Ich glaube, dass der Nachwuchs gebunden werden muss, am besten über den medialen und praktischen Restart vor der Sommerpause – ansonsten droht der Sport schlicht in Vergessenheit zu geraten. Vielleicht schafft es die Turnierserie sogar in die großen Sportformate und kreiert dadurch einen Mehrwert, der über den für die Tischtenniswelt hinausreicht. Neben der Fußballbundesliga, deren Weiterführung ja durchaus kontrovers diskutiert wurde und wird, ist die Anzahl von Livesportevents bisher sehr überschaubar. Auch die großen Sportredaktionen sind auf der Suche nach Inhalt – in diese Lücke könnte das Düsseldorf Masters stoßen. Mit Timo Boll und Dima Ovtcharov sind die beiden medialen Zugpferde unserer Sportart am Start und das Turnier für Sportschau und Co. damit bestimmt auf dem Radar. 

Hoher sportlicher Stellenwert trotz gewöhnungsbedürftiger Atmosphäre

Natürlich wirkt das Geschehen am Tisch auf den interessierten Zuschauer am Bildschirm nicht wie gewohnt. Wie auch? - bei fehlendem Zuschauergetöse im normalerweise stets ausverkauften Center Court von Deutschlands erfolgreichster Tischtennismannschaft. Auch der Umstand, dass Manager Enno Preuß und Pressesprecher Alexander Schilling mit Mundschutz und Handschuhen höchst selbst hinter den Zählgeräten agieren, unterstreicht, dass das Wettkampfgeschehen alles andere ist als normal. Doch das deutsche Sportpublikum müsste sich nach mehreren Spieltagen der Fußballbundesliga vor leeren Rängen an eine merkwürdige Atmosphäre gewöhnt haben – hitzige Debatten über die nicht einzuhaltenden Sicherheitsabstände dürfte unser Sport zumindest nicht haben, in Düsseldorf wird sogar auf einen Seitenwechsel nach jedem Satz verzichtet. Nicht zuletzt die Profis an den Tischen dürften die fehlende Stimmung in der Halle gerne in Kauf nehmen für eine wichtige Abwechslung im von strengen Auflagen begleiteten Trainingsalltag, der mit Sicherheit für den einen oder anderen Athleten mittlerweile ermüdend und wenig motivierend ist.
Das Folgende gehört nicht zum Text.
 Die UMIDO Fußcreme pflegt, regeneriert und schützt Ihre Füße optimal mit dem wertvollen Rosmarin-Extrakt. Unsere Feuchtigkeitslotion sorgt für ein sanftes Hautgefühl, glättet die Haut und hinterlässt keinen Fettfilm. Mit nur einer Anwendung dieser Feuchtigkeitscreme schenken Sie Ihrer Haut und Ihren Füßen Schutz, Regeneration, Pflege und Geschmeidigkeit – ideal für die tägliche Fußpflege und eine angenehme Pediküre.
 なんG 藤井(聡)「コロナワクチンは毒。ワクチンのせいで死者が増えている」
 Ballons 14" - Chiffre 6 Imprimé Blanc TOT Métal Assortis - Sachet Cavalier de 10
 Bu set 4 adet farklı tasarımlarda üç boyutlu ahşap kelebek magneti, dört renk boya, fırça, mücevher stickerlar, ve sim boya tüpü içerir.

Insbesondere die junge Garde hinter den arrivierten Bundesligaprofis von Borussia Düsseldorf und dem Olympia- und Perspektivkader des DTTB, will und wird die Turnierserie nutzen, um auf sich aufmerksam zu machen und Nationaltrainer Jörg Roßkopf zu zeigen, wie gut der lange, coronabedingte Trainingsblock genutzt wurde. Erfrischend lautstark und mit guter Körpersprache präsentierte sich die Generation um Meissner, Fadeev und Meng zumindest beim ersten Aufeinandertreffen mit den gesetzten Topspielern, wenngleich noch keine Überraschung in der ersten Runde gelingen wollte. Apropos Lautstärke: Bei all der professionellen Bilder durch mehrere Kameras und Perspektiven, mir fehlt bislang ein kompetenter Kommentator, der eben jene jungen deutschen Nachwuchshoffnungen vorstellt und dem ganzen Event auch eine Stimme gibt. 
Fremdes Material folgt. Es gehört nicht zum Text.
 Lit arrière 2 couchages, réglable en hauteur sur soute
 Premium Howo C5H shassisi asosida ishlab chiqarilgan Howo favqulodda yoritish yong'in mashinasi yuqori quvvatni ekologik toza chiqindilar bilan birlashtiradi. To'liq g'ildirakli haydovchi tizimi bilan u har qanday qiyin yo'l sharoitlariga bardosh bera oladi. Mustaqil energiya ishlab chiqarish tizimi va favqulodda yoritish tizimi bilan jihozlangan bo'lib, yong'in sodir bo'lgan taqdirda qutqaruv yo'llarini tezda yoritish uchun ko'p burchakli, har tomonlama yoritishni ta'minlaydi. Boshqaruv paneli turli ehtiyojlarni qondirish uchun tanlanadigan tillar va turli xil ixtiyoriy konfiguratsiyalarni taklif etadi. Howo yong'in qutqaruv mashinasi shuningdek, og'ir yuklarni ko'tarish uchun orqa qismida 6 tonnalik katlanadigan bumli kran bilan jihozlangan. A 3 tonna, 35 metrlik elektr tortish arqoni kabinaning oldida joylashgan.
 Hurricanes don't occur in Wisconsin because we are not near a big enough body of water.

Entwicklungsfähiges Format für die Zukunft und bitte auch für die Damen!

Nicht nur Tischtennisdeutschland blickt auf das Geschehen am Düsseldorfer Staufenplatz, auch die weltweite Pingpong-Gemeinde wird ganz genau hinschauen, wie der Wettkampf von Aktiven und Zuschauern angenommen wird. Denn an große internationale Events wie die des Tischtennis-Weltverbands und seiner Worldtour ist bislang nicht zu denken, solange einzelne Regionen noch oder immer wieder stark von der Corona-Pandemie betroffen sind. Auch deshalb ist das Format der Düsseldorfer und des DTTB in meinen Augen eine sehr gute Idee, die vielleicht sogar internationale Nachahmer findet.  Es wäre unserem Sport zu wünschen! Und vielleicht bin ich zu vorschnell, aber noch fehlt mir der Hinweis, dass das gleiche Format mit einer ähnlichen Abgeklärtheit und Medienwirksamkeit auch für den weiblichen Bereich aufgezogen wird. Gerade die Mannschaften der Damenbundesliga samt ihrer Profispielerinnen haben mit der aktuellen Situation finanziell bestimmt zu kämpfen und könnten, neben all den sportlichen Vorteilen, eine Bühne für ihre Sponsoren gut gebrauchen!